The question that Alberta’s Premier, Danielle Smith, will ask Albertans on October 19 is the following:
“Should Alberta remain a province of Canada or should the Government of Alberta commence the legal process required under the Canadian Constitution to hold a binding provincial referendum on whether or not Alberta should separate from Canada?”
This is therefore a two-part question: either we stay in Canada, or we move towards a referendum on secession. In either case, the government of Alberta is committed to respecting the Canadian constitutional framework; it does not envisage unilateral secession. And in either case, nothing is required of the Government of Canada. The House of Commons will not have to ask itself whether it should authorize the Government of Canada to participate in negotiations aimed at extinguishing its constitutional responsibilities towards Albertans and depriving other Canadians of the right to be in their country in Alberta.
It is only if a second referendum were held, which would be on secession, that the House of Commons would have to rule on the clarity of the question, then, if applicable, on the clarity of the majority, and finally, in the event of a separation agreement between the governments, on the constitutional amendment that would legally confirm this agreement. Parliament would notably have to assess the distribution of assets and liabilities, any changes to the province’s borders, the rights, interests, and territorial claims of the Indigenous peoples of Canada, and the protection of minority rights.
The 1980 Quebec referendum also planned a process involving two referendums: the first on a mandate to negotiate and the second on the result of that negotiation. The difference with the Alberta process is that from the very first referendum in Quebec, a Yes vote would have led to a call on the Government of Canada to negotiate what the Quebec government called sovereignty-association.
Prime Minister Pierre Elliott Trudeau and his federal government of the day had made it clear that there would be no such negotiations and that a Yes would lead to a deadlock. This message would have resonated even more if the Clarity Act had existed at the time, since from the outset, the House of Commons would have declared that there would be no negotiation based on such a question.
A secession is not negotiated to find out if, by chance, it is wanted. It is only negotiated because the population has affirmed it is wanted.
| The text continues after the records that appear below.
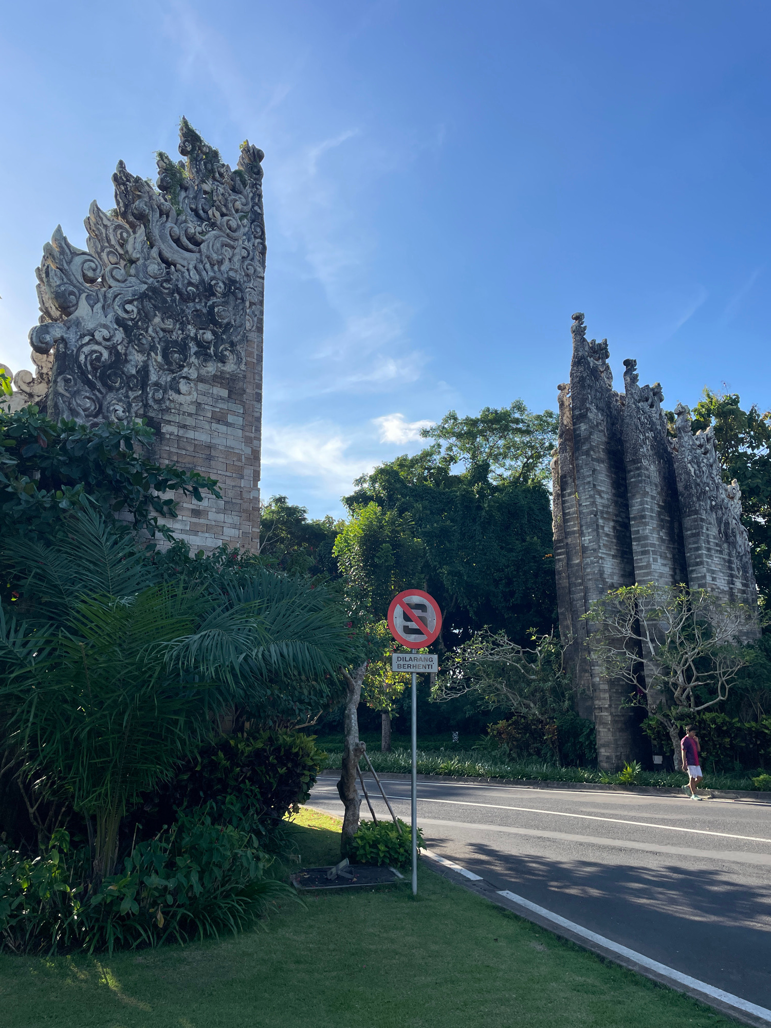 The image depicts a road flanked by elaborate stone structures, likely gates, in Kuta Selatan, Indonesia. The structures are intricately carved with traditional Balinese designs. A 'No Stopping' road…read more
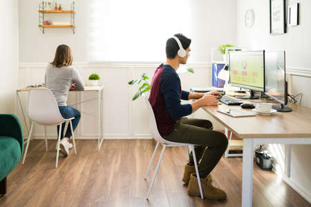 Gen z young woman and man seen from behind sitting at their desks and working on a new design at the office
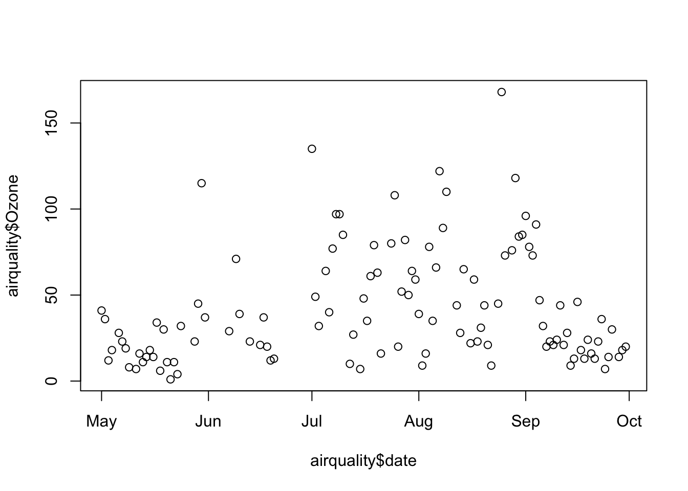plot(airquality$date, airquality$Ozone)
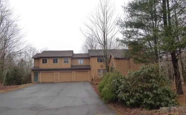This won't last long. Over 9 acres of beautiful serene land comes with this 3200 square foot contemporary. 12 rooms includes a 3 room in law setup. Main house has 9 rooms which includes eat in kitchen, formal dining room, living room and family room, both with fireplaces, wide open foyer, 4 spacious bedrooms and 2 1/2 baths. Lots of oversized windows allow natural light throughout. House has been newly roofed. It has 5 garages, with 3 under house and 2 detached and connected to workshop/barn. Views of a pond plus a babbling brook. Formerly used as a Christmas Tree Farm. You will be in heaven in this remote setting. Call now to preview. This property is eligible under the Freddie Mac First Look Initiative through 7/21/2019 for owner occupant offers only.
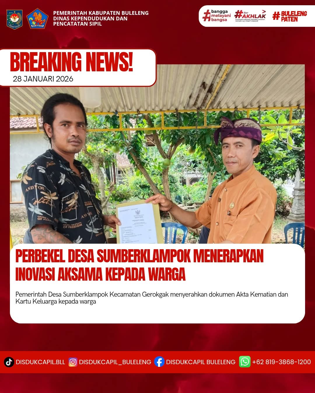 Pemerintah Kabupaten Buleleng melalui Dinas Kependudukan dan Pecatatan Sipil (Disdukcapil) Kabupaten Buleleng memaksimalkan serta mempermudah pelayanan kependudukan masyarakat dengan beberapa inovasi, yakni BALITA (Bayi Lahir Berakta), NYAKSI (Menyerahkan Akta Kawin Saat Acara Perkawinan) dan AKSAMA ( Akta Kematian Diserahkan Saat Masih Berduka) melalui aplikasi Aku Online-NG. Di Desa Sumberklampok Kecamatan Gerokgak, telah diterapkan program Aksama (Akta Kematian Diserahkan Saat Masih Berduka) yang dilakukan secara langsung oleh Perbekel Desa Sumberklampok I Wayan Sawitrayasa dengan menyerahkan Akta Kematian atas nama I Made Cenut dan Kartu Keluarga warga Bukit Sari Banjar Dinas Tegalbunder Desa Sumberklampok, Rabu (28/1).

The Supreme Court mentions in the decision leading to the Clarity Act the phrases ‘clear expression’ and ‘no longer wish to remain in Canada’. The only way to know if a population no longer wish to remain in Canada is to ask them.
The question proposed by the Albertan separatists repeats word for word the wording contained in the Clarity Act: ‘Do you agree that the province of Alberta should cease to be part of Canada to become an independent State?’ If this question were to be asked in a possible referendum on secession, it can be expected that the House of Commons would accept it without difficulty.
What would pose a serious problem, however, is if this referendum on secession were, as proposed, to be held at the same time as other referendums on other issues. It is essential that the referendum campaign itself deals only with secession. Doing otherwise would be not only contrary to the Clarity Act but also to common sense!
Asking voters a number of questions – on taxation, immigration, etc. – and including one about choosing a country is simply absurd. No country in the world would seriously consider secession amid such confusion. So, if the Alberta government had added a referendum on secession to its series of referendums on October 19, the House of Commons would certainly have refused to involve the Government of Canada in such a process. In any case, that is what I would have recommended to our MPs.
An Alberta judge has decided that before holding a referendum, Indigenous populations must be consulted. It is not known whether this decision applies to any referendum on a province’s secession or is only valid for referendums held under the aegis of Alberta’s law on citizen-initiated consultations. The opinion of the Supreme Court and the Clarity Act only provide for such consultations after a referendum has resulted in a clear majority in response to a clear question on secession. We are therefore in a zone of uncertainty here. One more to add.
In Alberta, the provincial government recognizes that the Canadian constitutional framework must be respected. For secession to occur, it will be necessary, based on clear support for secession, to negotiate a constitutional amendment that removes all reference to the province from the Canadian Constitution. This is the only way in which the secession of a province could be legal and practically feasible. It is highly desirable that Quebec secessionist leaders also agree with this inevitable fact.
A version of this article appeared in La Presse.



Thank you for a very thoughtful article. I think that the proponents of Alberta independence should have the honesty to admit that the long term future of an independent Alberta is eventual union with the United States in some form.